» **DIRECTIONS FOR THIS TASK**
Write out the stretch of lines below that begins at the line with "3D ing of a" and ends at the line with "A clear view", including both, exactly as given and nothing more.
____ MATERIAL SHOWN
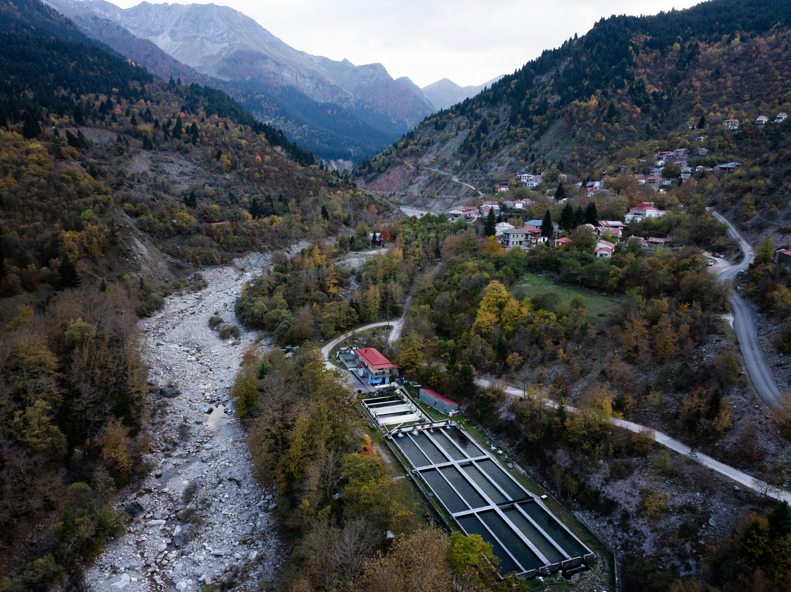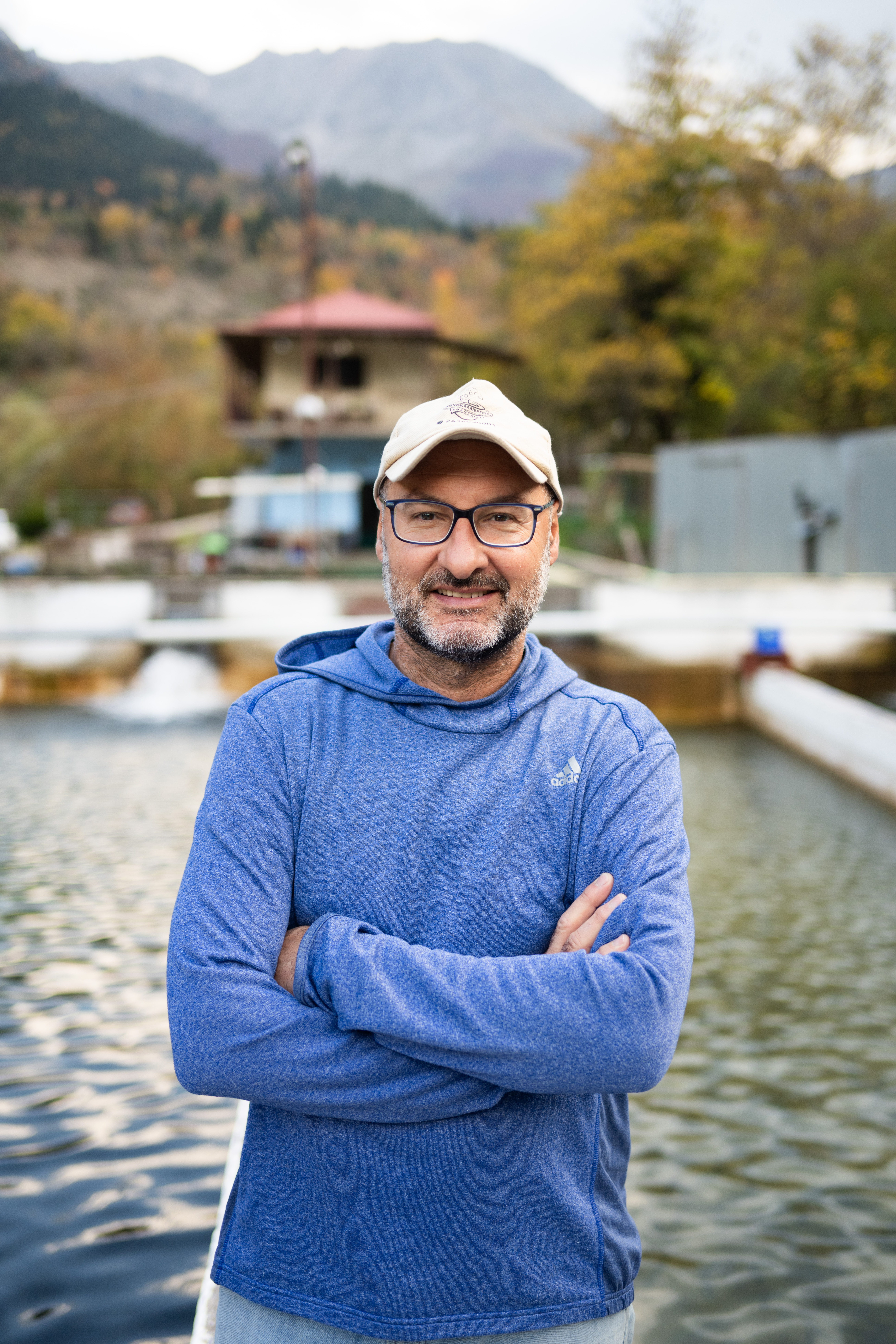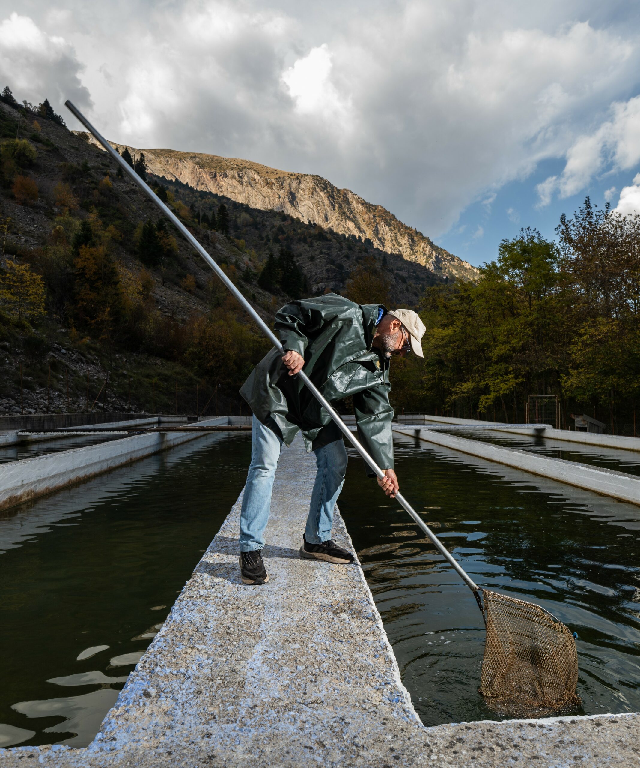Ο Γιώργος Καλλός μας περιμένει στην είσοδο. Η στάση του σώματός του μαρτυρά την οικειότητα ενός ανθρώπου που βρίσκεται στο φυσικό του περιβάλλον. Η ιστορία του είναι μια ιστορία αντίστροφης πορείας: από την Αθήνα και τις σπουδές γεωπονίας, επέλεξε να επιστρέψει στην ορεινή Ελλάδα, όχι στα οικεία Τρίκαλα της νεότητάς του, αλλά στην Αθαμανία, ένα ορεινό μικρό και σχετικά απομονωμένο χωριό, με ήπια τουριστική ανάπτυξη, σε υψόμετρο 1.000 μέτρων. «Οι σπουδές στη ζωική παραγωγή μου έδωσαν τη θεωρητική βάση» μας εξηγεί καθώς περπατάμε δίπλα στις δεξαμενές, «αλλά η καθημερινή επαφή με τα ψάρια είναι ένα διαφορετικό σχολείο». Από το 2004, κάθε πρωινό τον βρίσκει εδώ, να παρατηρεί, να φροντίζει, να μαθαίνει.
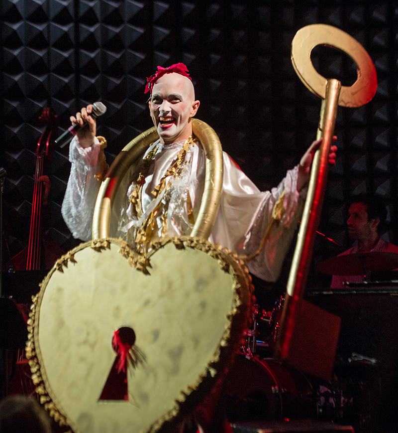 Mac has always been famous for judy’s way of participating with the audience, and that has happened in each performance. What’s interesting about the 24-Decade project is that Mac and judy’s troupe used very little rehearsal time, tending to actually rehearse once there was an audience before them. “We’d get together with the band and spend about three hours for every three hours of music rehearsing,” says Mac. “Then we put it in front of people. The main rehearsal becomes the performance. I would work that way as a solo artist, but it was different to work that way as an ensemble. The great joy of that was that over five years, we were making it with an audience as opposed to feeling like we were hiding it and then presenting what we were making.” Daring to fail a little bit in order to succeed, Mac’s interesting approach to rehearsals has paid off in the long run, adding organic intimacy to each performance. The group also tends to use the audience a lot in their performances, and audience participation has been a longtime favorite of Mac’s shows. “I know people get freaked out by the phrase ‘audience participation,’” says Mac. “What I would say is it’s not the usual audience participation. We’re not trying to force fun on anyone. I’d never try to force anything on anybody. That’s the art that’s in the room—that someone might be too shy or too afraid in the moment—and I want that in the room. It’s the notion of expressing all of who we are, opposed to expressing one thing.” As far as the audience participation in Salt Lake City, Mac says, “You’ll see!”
________
____ MATERIAL SHOWN
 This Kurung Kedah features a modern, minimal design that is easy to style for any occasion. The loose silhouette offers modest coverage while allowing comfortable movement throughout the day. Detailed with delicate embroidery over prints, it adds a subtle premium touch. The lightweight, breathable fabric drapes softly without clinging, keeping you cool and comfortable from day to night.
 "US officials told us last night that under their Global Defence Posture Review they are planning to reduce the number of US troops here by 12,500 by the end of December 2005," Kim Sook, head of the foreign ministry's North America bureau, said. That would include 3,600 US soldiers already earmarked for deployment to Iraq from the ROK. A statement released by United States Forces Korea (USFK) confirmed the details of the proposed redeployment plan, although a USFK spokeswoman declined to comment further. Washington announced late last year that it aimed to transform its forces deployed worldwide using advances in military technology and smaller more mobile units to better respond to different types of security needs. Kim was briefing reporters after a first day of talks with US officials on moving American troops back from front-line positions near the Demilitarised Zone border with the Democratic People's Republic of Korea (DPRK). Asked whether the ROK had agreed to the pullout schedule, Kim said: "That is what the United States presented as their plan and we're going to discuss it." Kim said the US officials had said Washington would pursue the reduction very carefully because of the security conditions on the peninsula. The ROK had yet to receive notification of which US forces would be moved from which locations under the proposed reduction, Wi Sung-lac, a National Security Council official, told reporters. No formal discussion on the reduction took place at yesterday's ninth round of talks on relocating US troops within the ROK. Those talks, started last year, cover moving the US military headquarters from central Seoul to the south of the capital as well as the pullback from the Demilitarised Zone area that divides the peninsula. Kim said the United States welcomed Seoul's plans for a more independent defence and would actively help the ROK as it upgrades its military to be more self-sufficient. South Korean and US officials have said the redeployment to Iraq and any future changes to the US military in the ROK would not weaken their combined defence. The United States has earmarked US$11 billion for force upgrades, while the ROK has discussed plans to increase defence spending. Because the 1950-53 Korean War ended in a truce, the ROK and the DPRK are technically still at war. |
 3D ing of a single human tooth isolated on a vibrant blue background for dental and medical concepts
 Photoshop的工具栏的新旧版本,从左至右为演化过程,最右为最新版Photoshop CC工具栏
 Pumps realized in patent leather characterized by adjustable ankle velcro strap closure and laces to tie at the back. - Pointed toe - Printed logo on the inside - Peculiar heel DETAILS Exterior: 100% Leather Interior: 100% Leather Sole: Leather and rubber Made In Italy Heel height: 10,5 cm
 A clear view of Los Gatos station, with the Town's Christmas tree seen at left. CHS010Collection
________
____ MATERIAL SHOWN
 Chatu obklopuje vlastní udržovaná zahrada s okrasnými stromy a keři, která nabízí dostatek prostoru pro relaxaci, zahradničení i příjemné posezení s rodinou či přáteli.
________
» **REPLY TO THE TASK**
 3D ing of a single human tooth isolated on a vibrant blue background for dental and medical concepts
 Photoshop的工具栏的新旧版本,从左至右为演化过程,最右为最新版Photoshop CC工具栏
 Pumps realized in patent leather characterized by adjustable ankle velcro strap closure and laces to tie at the back. - Pointed toe - Printed logo on the inside - Peculiar heel DETAILS Exterior: 100% Leather Interior: 100% Leather Sole: Leather and rubber Made In Italy Heel height: 10,5 cm
 A clear view of Los Gatos station, with the Town's Christmas tree seen at left. CHS010Collection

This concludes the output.